BEGIN Data records
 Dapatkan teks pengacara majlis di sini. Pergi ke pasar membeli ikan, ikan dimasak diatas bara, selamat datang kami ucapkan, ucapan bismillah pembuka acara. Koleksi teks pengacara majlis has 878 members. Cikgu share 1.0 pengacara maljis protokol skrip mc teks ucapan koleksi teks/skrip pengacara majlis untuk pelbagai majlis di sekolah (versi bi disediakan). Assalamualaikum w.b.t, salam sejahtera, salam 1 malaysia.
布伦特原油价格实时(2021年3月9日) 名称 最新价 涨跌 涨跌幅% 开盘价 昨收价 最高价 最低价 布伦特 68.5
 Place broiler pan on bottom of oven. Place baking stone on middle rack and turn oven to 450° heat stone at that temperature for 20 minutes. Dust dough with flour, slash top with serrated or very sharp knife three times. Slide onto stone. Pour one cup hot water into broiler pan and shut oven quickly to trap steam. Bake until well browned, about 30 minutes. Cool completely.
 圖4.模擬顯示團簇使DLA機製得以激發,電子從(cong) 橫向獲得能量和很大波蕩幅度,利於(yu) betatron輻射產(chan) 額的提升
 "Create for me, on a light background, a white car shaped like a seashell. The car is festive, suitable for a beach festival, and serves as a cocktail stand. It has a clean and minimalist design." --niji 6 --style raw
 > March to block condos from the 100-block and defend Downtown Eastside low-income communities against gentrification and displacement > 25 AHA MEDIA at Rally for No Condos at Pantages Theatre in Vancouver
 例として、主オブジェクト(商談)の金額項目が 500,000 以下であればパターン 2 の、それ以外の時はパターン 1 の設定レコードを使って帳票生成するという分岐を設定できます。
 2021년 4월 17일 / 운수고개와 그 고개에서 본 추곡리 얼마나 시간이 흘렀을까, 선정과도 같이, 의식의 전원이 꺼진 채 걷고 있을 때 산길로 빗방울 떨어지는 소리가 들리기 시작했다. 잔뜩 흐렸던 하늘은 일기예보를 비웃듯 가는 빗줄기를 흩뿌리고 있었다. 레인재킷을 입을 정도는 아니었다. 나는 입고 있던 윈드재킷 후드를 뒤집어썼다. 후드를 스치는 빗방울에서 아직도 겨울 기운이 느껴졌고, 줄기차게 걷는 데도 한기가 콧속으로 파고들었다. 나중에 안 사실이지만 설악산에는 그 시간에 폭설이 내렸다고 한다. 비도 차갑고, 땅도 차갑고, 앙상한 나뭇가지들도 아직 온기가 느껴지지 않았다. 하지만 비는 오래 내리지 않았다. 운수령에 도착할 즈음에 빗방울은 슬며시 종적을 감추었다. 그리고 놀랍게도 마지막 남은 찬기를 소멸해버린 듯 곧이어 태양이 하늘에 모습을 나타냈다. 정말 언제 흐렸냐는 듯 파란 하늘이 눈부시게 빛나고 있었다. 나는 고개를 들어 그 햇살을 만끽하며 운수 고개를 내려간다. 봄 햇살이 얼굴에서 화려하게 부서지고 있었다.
END Data records
BEGIN Data records
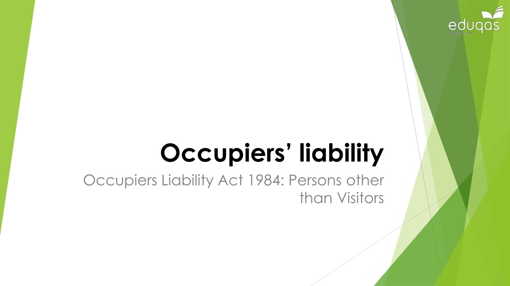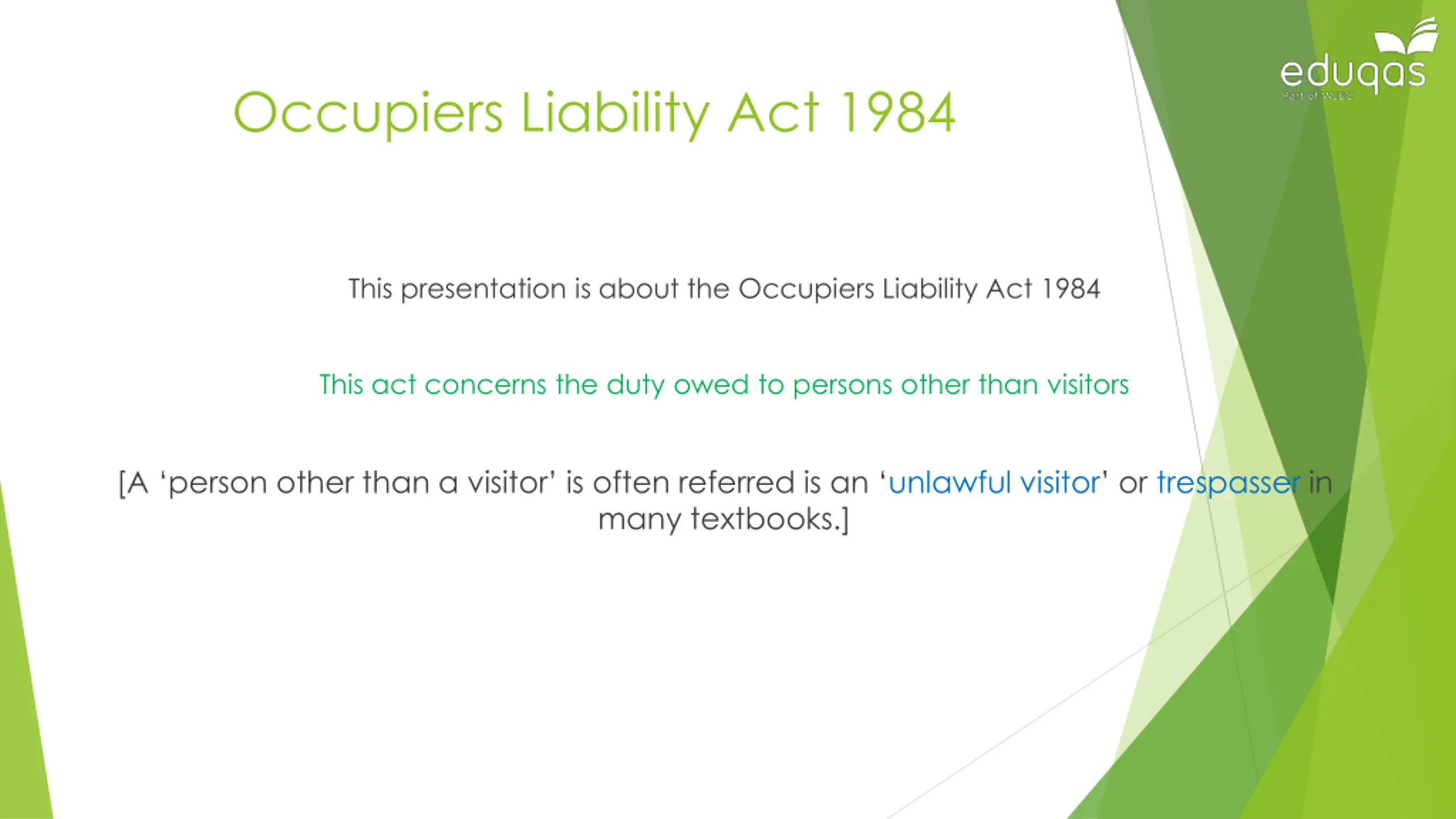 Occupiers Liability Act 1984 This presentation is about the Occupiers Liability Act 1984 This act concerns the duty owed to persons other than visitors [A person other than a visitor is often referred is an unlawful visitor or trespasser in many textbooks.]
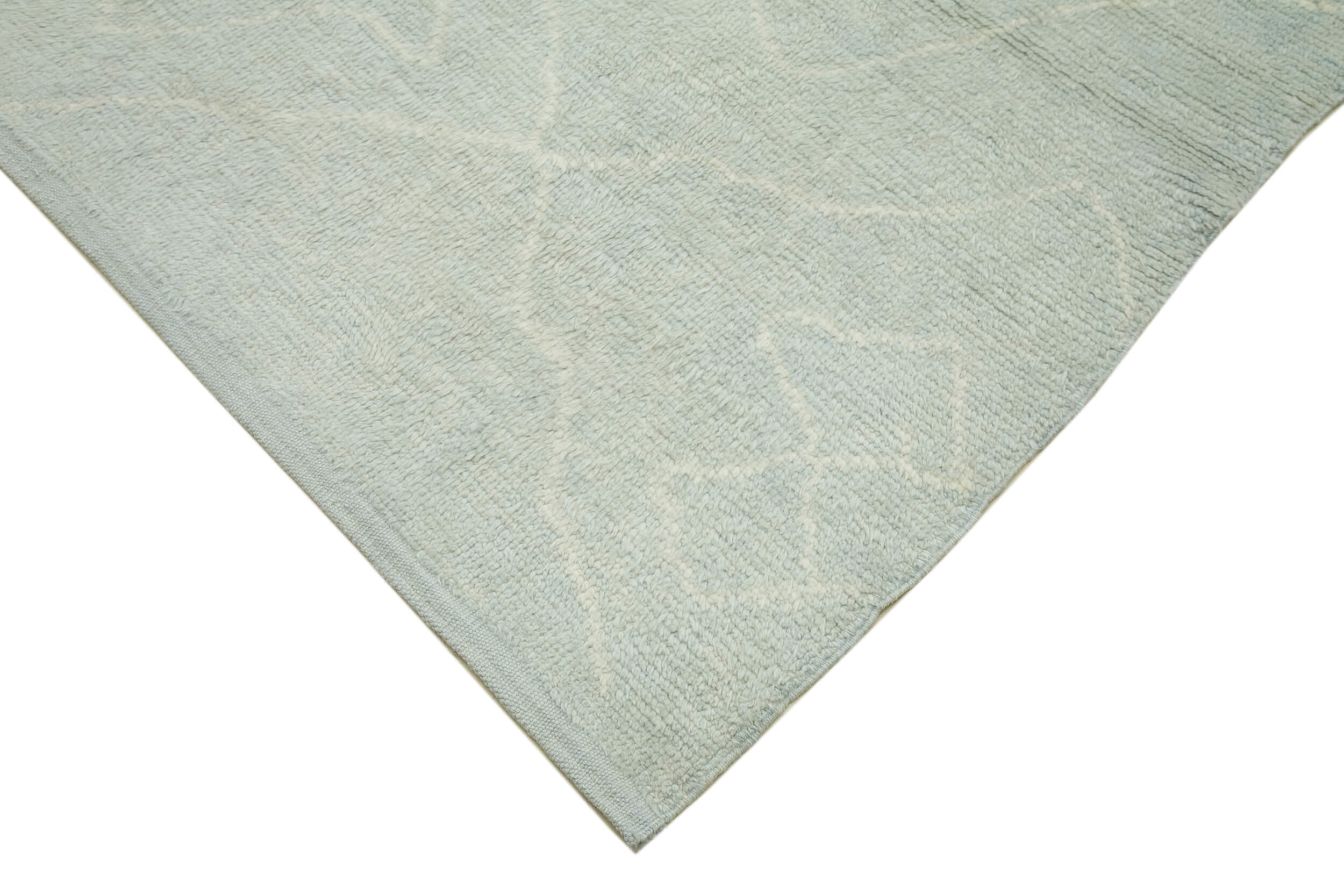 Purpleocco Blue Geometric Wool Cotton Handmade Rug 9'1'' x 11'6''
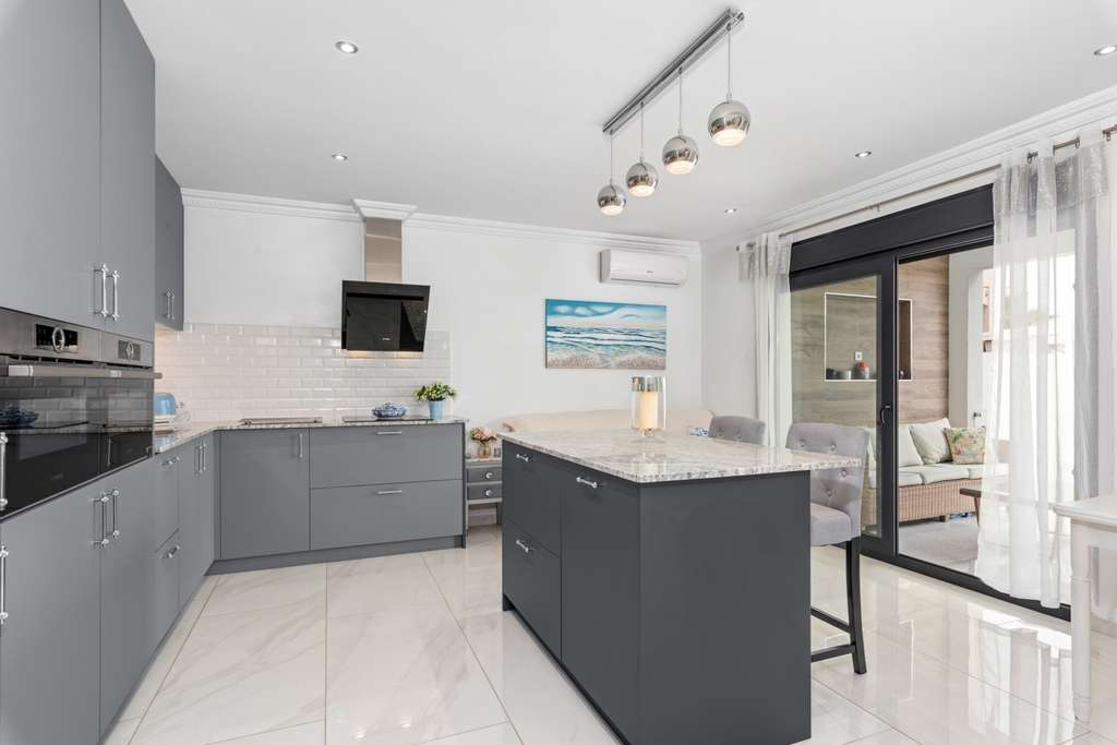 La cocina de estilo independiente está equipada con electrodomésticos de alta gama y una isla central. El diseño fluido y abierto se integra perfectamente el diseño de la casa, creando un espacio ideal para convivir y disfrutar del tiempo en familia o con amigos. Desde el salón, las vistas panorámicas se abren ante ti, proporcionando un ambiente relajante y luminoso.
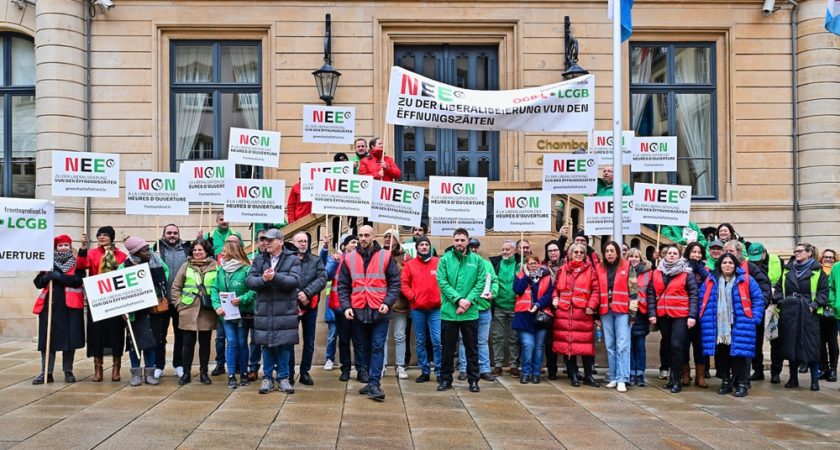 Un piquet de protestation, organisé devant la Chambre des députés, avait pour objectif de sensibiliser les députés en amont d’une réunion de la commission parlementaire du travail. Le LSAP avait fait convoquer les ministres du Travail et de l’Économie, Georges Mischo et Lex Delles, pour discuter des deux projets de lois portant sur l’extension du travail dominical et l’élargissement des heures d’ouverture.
END Data records
BEGIN Data records
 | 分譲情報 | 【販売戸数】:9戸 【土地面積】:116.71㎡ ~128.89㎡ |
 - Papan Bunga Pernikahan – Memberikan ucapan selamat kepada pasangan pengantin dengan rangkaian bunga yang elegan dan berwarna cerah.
END Data records
◆ Instructions for the task: Could you retype exactly the lines above, starting at the line that contains "Dapatkan teks pengacara" and ending at the line that contains "布伦特原油价格实时(2021年3月9日) 名称 最新价", and nothing more?

◆ Response below:
 Dapatkan teks pengacara majlis di sini. Pergi ke pasar membeli ikan, ikan dimasak diatas bara, selamat datang kami ucapkan, ucapan bismillah pembuka acara. Koleksi teks pengacara majlis has 878 members. Cikgu share 1.0 pengacara maljis protokol skrip mc teks ucapan koleksi teks/skrip pengacara majlis untuk pelbagai majlis di sekolah (versi bi disediakan). Assalamualaikum w.b.t, salam sejahtera, salam 1 malaysia.
布伦特原油价格实时(2021年3月9日) 名称 最新价 涨跌 涨跌幅% 开盘价 昨收价 最高价 最低价 布伦特 68.5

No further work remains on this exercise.